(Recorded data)
Segment Open

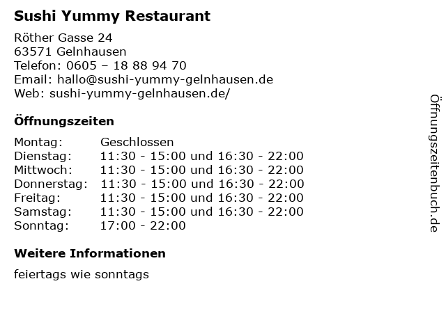 | Öffnungszeiten Sushi Yummy Restaurant in Gelnhausen anzeigen | |
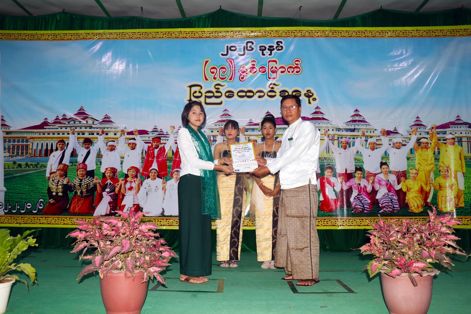 ဆက်လက်ပြီး အ.ထ.က(၁)ကျောင်းသူလေးများက စည်းလုံးစို့လေ သွေးချင်းတို့ရဲ့ပြည်သီချင်းဖြင့် ကပြဖျော်ဖြေရာ မြို့နယ်စီမံခန့်ခွဲရေးနှင့်အုပ်ချုပ်ရေးကော်မတီဝင် ဗိုလ်မှူးတေဇာမြင့်က ဂုဏ်ပြုဆုငွေချီးမြှင့်သည်။ ထို့နောက် (၇၉)နှစ်မြောက် ပြည်ထောင်စုနေ့အထိမ်းအမှတ်ကျင်းပပြုလုပ်သော အထက်တန်း၊ အလယ်တန်းနှင့် မူလတန်းအဆင့်စာစီစာကုံး၊ ပန်းချီနှင့်ကဗျာရွတ်ဆိုပြိုင်ပွဲတို့၌ ဆုရရှိသူများအား ဂုဏ်ပြုမှတ်တမ်းနှင့်ဆုချီးမြှင့်ငွေများကို မြို့နယ်စီမံခန့်ခွဲရေးနှင့်အုပ်ချုပ်ရေးကော်မတီဥက္ကဋ္ဌ ဦးမျိုးသက်ကျော်နှင့်ကော်မတီဝင်များ၊ မြို့နယ်အဆင့်ဌာနဆိုင်ရာများနှင့်တာဝန်ရှိသူများက ပေးအပ်ချီးမြင့်သည်။ ဆက်လက်ပြီး အ.ထ.က(၂) ကျောင်းသူလေးများက ထာဝရမြန်မာသီချင်းဖြင့် ကပြဖျော်ဖြေရာ မြို့နယ်စီမံခန့်ခွဲရေးနှင့်အုပ်ချုပ်ရေးကော်မတီဝင်ဦးစိုးဝင်းအောင်က ဂုဏ်ပြုဆုငွေချီးမြှင့်ခဲ့ပြီး တက်ရောက်လာသူများ၊ ဆုရရှိသူများနှင့် တေးသီချင်းများဖြင့် ကပြဖျော်ဖြေသော ကျောင်းသူလေးများ မှတ်တမ်းတင်ဓာတ်ပုံရိုက်ခဲ့ကြကြောင်း သိရသည်။
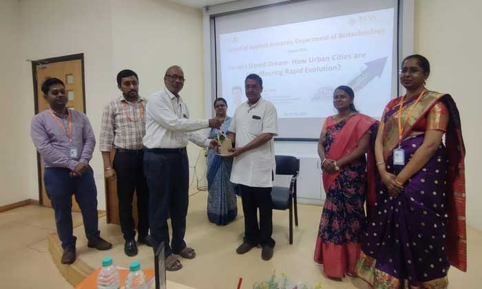 On March 6, 2025, Dr. Chetan Nag K S. delivered an insightful talk titled "Darwin Dared to Dream – How Urban Cities Are Chauffeuring Rapid Evolution?" at an event organized by the School of Applied Sciences, Department of Biotechnology, and the Genex Club Reva University.
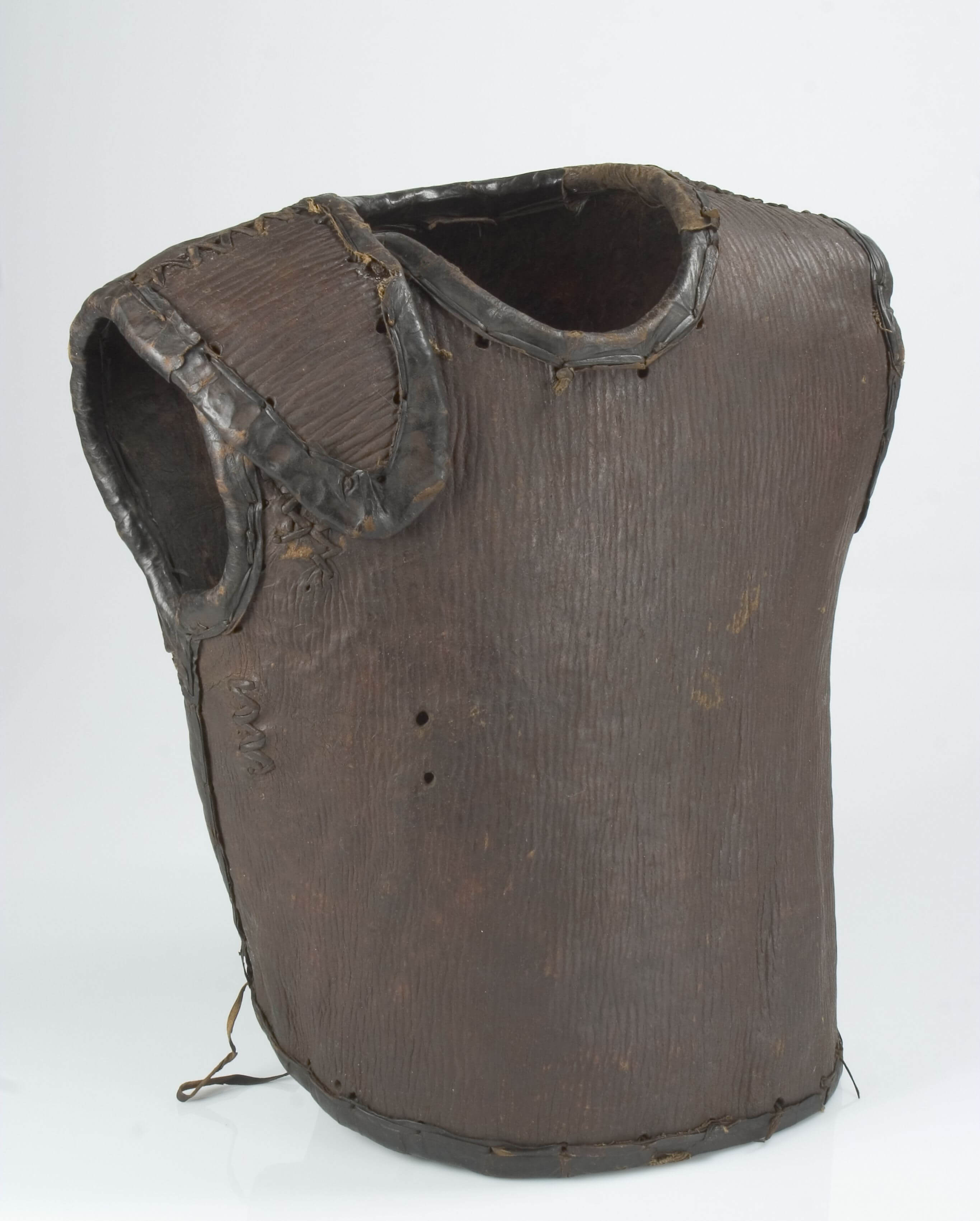 | Description | Anmerkung auf der alten Karteikarte: „Küraß aus dickem Leder (wohl Büffel). Wohl Fulla- oder Araberarbeit. Erbeutet bei einem Überfall des Musgu-Häuptlings Amarekai von Makedarua, Mandaragebirge. In der Form u. Größe ganz gleich mit dem Eisenpanzer (A III c 640).“ (1709-0408-00) Siehe auch Nr. 431 (1709-0431-00 Kriegshorn) |
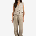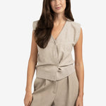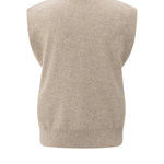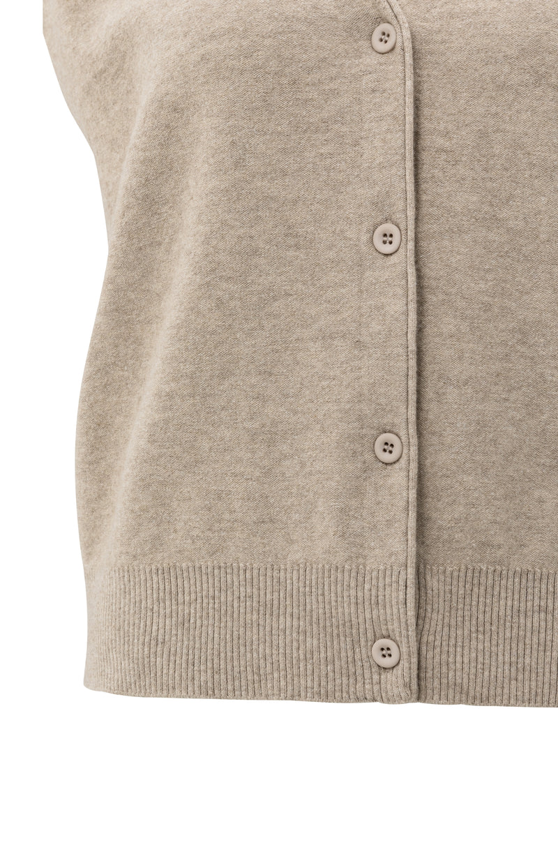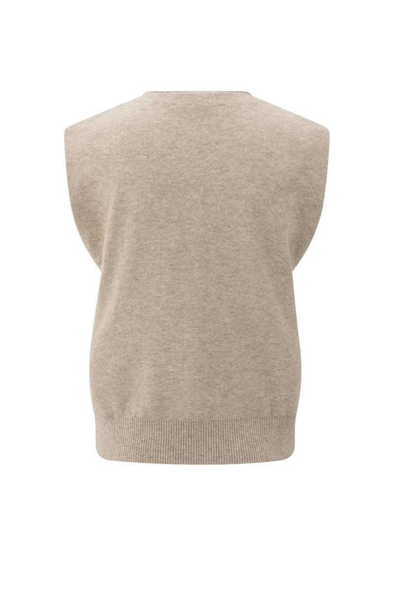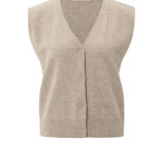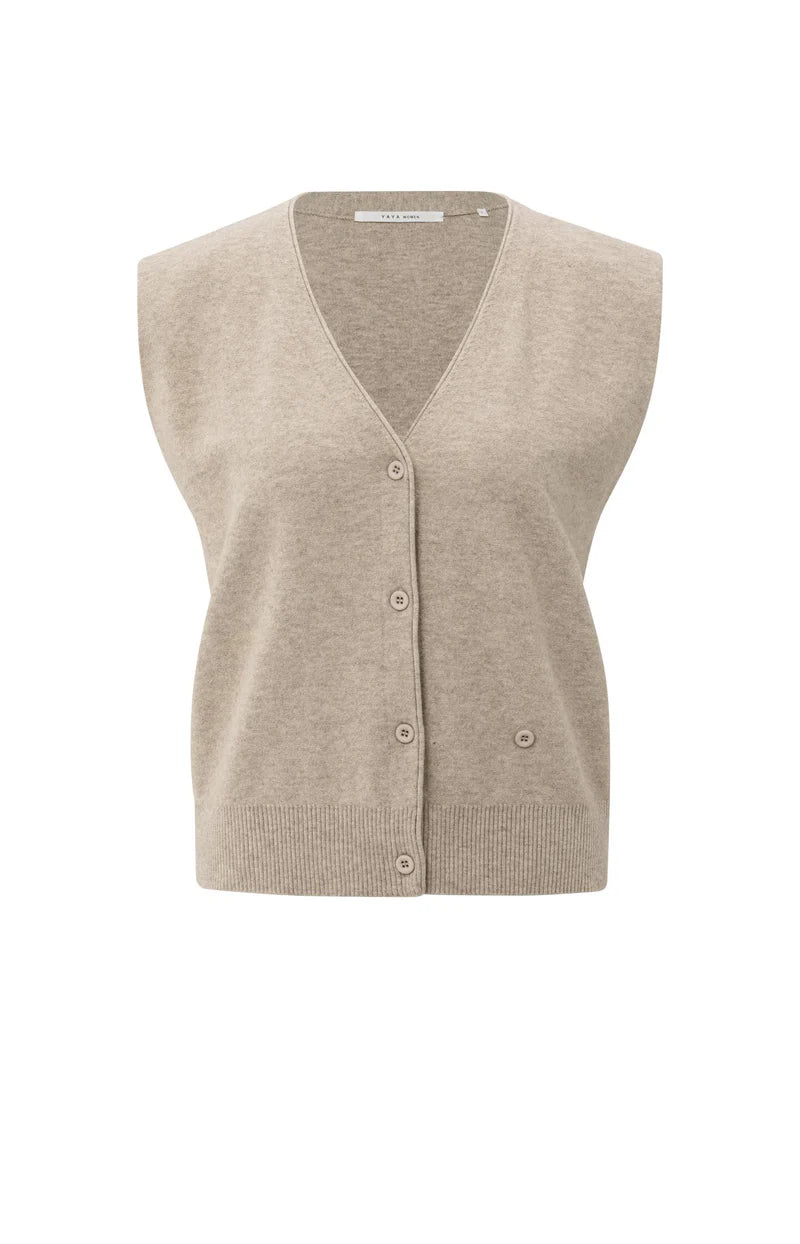 Dit zachte, gebreide gilet is mouwloos en ontworpen met een diepe V-hals en een opvallende asymmetrische knoopsluiting. De normale pasvorm en brede ribboord zorgen voor een moderne, gelaagde uitstraling. Perfect te combineren over een blouse of jurk voor een stijlvolle look.

Segment Closed

What you give back should match the entries above exactly, except that pictures are dropped.

■ RESPONSE AREA:
 | Öffnungszeiten Sushi Yummy Restaurant in Gelnhausen anzeigen | |
 ဆက်လက်ပြီး အ.ထ.က(၁)ကျောင်းသူလေးများက စည်းလုံးစို့လေ သွေးချင်းတို့ရဲ့ပြည်သီချင်းဖြင့် ကပြဖျော်ဖြေရာ မြို့နယ်စီမံခန့်ခွဲရေးနှင့်အုပ်ချုပ်ရေးကော်မတီဝင် ဗိုလ်မှူးတေဇာမြင့်က ဂုဏ်ပြုဆုငွေချီးမြှင့်သည်။ ထို့နောက် (၇၉)နှစ်မြောက် ပြည်ထောင်စုနေ့အထိမ်းအမှတ်ကျင်းပပြုလုပ်သော အထက်တန်း၊ အလယ်တန်းနှင့် မူလတန်းအဆင့်စာစီစာကုံး၊ ပန်းချီနှင့်ကဗျာရွတ်ဆိုပြိုင်ပွဲတို့၌ ဆုရရှိသူများအား ဂုဏ်ပြုမှတ်တမ်းနှင့်ဆုချီးမြှင့်ငွေများကို မြို့နယ်စီမံခန့်ခွဲရေးနှင့်အုပ်ချုပ်ရေးကော်မတီဥက္ကဋ္ဌ ဦးမျိုးသက်ကျော်နှင့်ကော်မတီဝင်များ၊ မြို့နယ်အဆင့်ဌာနဆိုင်ရာများနှင့်တာဝန်ရှိသူများက ပေးအပ်ချီးမြင့်သည်။ ဆက်လက်ပြီး အ.ထ.က(၂) ကျောင်းသူလေးများက ထာဝရမြန်မာသီချင်းဖြင့် ကပြဖျော်ဖြေရာ မြို့နယ်စီမံခန့်ခွဲရေးနှင့်အုပ်ချုပ်ရေးကော်မတီဝင်ဦးစိုးဝင်းအောင်က ဂုဏ်ပြုဆုငွေချီးမြှင့်ခဲ့ပြီး တက်ရောက်လာသူများ၊ ဆုရရှိသူများနှင့် တေးသီချင်းများဖြင့် ကပြဖျော်ဖြေသော ကျောင်းသူလေးများ မှတ်တမ်းတင်ဓာတ်ပုံရိုက်ခဲ့ကြကြောင်း သိရသည်။
 On March 6, 2025, Dr. Chetan Nag K S. delivered an insightful talk titled "Darwin Dared to Dream – How Urban Cities Are Chauffeuring Rapid Evolution?" at an event organized by the School of Applied Sciences, Department of Biotechnology, and the Genex Club Reva University.
 | Description | Anmerkung auf der alten Karteikarte: „Küraß aus dickem Leder (wohl Büffel). Wohl Fulla- oder Araberarbeit. Erbeutet bei einem Überfall des Musgu-Häuptlings Amarekai von Makedarua, Mandaragebirge. In der Form u. Größe ganz gleich mit dem Eisenpanzer (A III c 640).“ (1709-0408-00) Siehe auch Nr. 431 (1709-0431-00 Kriegshorn) |
 Dit zachte, gebreide gilet is mouwloos en ontworpen met een diepe V-hals en een opvallende asymmetrische knoopsluiting. De normale pasvorm en brede ribboord zorgen voor een moderne, gelaagde uitstraling. Perfect te combineren over een blouse of jurk voor een stijlvolle look.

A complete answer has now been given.